Keywords: Lichenoid epidermal naevus, Naevus

How to cite this article:
Verma R, Jaiswal A K, Vaishampayan S S, Baveja. Lichenoid epidermal naevus. Indian J Dermatol Venereol Leprol 1998;64:295-6

How to cite this URL:
Verma R, Jaiswal A K, Vaishampayan S S, Baveja. Lichenoid epidermal naevus. Indian J Dermatol Venereol Leprol [serial online] 1998 [cited 2020 Jun 1];64:295-6. Available from: http://www.ijdvl.com/text.asp?1998/64/6/295/4731

  Introduction Top

Lichenoid epidermal naevus is a recently described variant of inflammatory epidermal naevus showing histological features compatible with verrucous epidermal naevus, but with a band - like lymphohistiocytic infiltrate at the dermoepidermal junction, along with civatte bodies and dermal melanophages.[1] Herein we report a case of such a rare entity with unusual clinical presentation.

  Case Report Top

A 5-year - old girl presented with a mildly pruritic well defined linear erythematous scaly psoriasiform plaque of size 15 x 4 cm on the medial aspect of right thigh [Figure - 1]. Onset of the lesion was in the first week of life and since then it gradually increased in proportion to the growth of limb. There was no evidence of mucous membrane involvement, skin lesions at other sites or any internal disease.
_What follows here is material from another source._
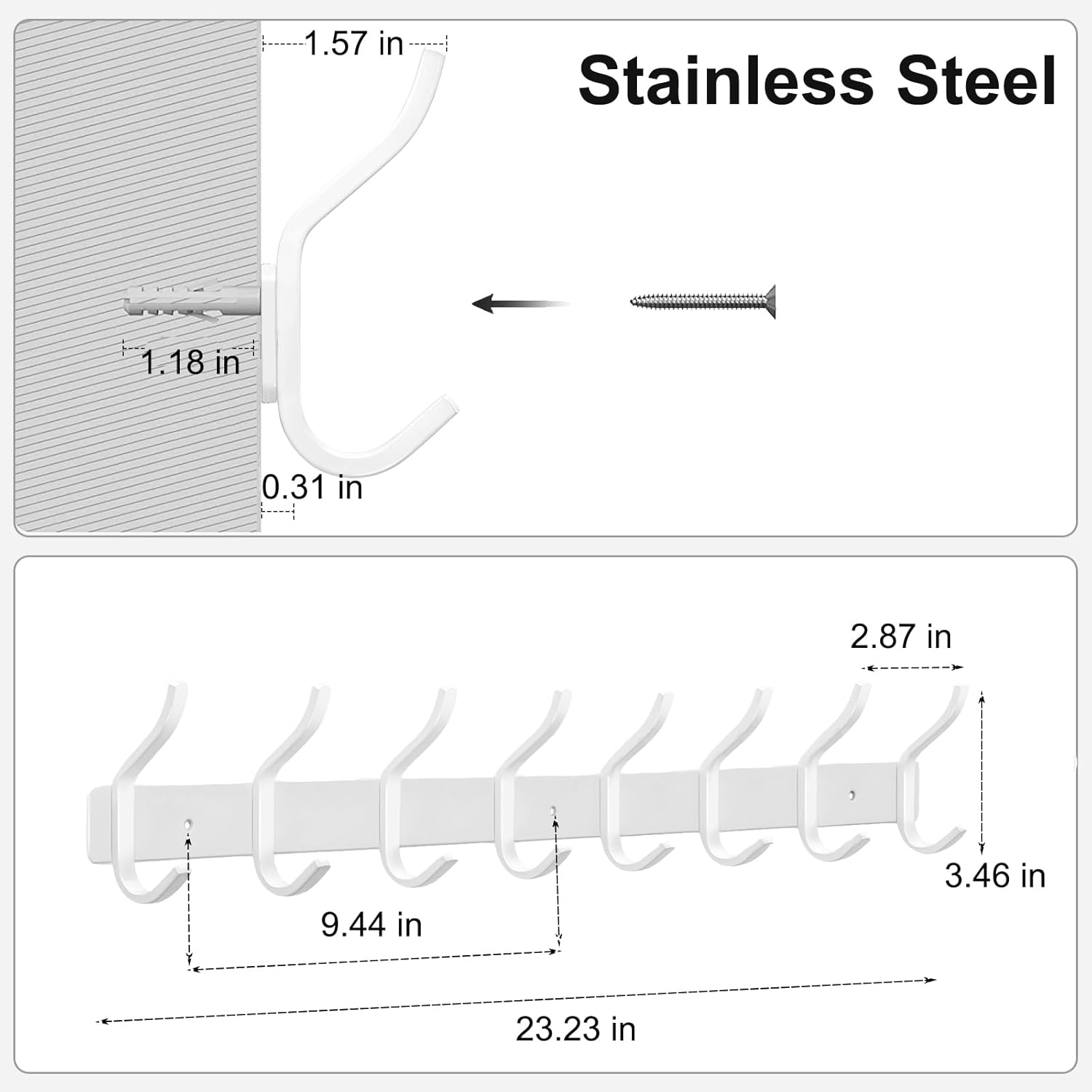 White Wall Hooks Heavy Duty, 23 Inch Coat Hooks Wall Mount with 8 Hooks, Wall Hooks Hangers for Entryway, Bathroom - for Hanging Backpack, Bag, Coat, Purse, Hat, Towel, Clothes
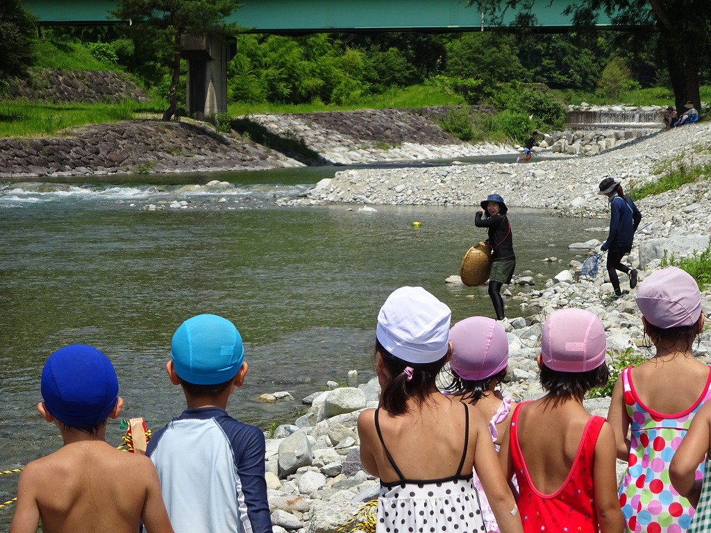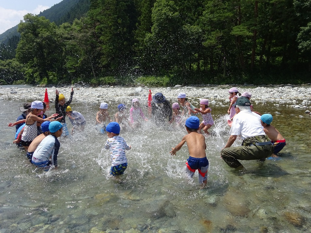 いざ川に入ると、プールとは違う水の冷たさに「冷たい!」と驚いていましたが、川ならではの水の流れや足場の楽しさに気付き、泳いだり潜ったり歩いたり…体をいっぱい動かしていました。 サプライズで、上流から!スイカがどんぶらこっこ! みんな大喜びで、大きなスイカをペロリと完食しました。 大自然のなかで自然のパワーや楽しさを思う存分感じ、ステキな思い出の1ページになったと思います。

Grattage test was positive but Auspitz sign was negative. Microscopic examination showed features of the usual verrucous epidermal naevus (hyperkeratosis, hypergranulosis, papillomatosis and acanthosis) and a lichenoid tissue reaction (band -like lymphohistiocytic infiltrate at the dermoepidermal junction, basal cell degeneration and Civatte bodies [Figure - 2]. Initially a clinical diagnosis of naevoid psoriasis was entertained, however in view of lichenoid tissue reaction, the diagnosis was revised as lichenoid epidermal naevus. The condition responded satisfactorily to topical steroid and keratolytic combination.

  Discussion Top

In 1989, Brownstein et al[1] proposed that in patients who do not have evidence of lichen planus at other sites, persistent, linear eruptions showing the clinical and histological features of both verrucous epidermal naevus and a lichenoid tissue reaction should be interpreted as lichenoid epidermal naevus. Moreover Atherton et al[2], have also recently proposed a term 'naevoid psoriasis' for psoriasis occurring in naevoid form, possibly reflecting mosaicism for the gene responsible for psoriasis. These lesions are indistinguishable from ordinary psoriasis except in their distribution. The interesting feature in the present case report is that it clinically resembled naevoid psoriasis but was histologically compatible with lichenoid epidermal naevus.

  References Top

1.Brownstein MH, Silverstein L, Leifing W. Lichenoid epidermal naevus: Linear lichen planus. J Am Acad Dermatol 1989;20:913-915  Back to cited text no. 1    
2.Atherton DJ, Kahana M, Russel-Jones R. Naevoid psoriasis. Br J Dermatol 1989;120:837-841.  Back to cited text no. 2    


[Figure - 1], [Figure - 2]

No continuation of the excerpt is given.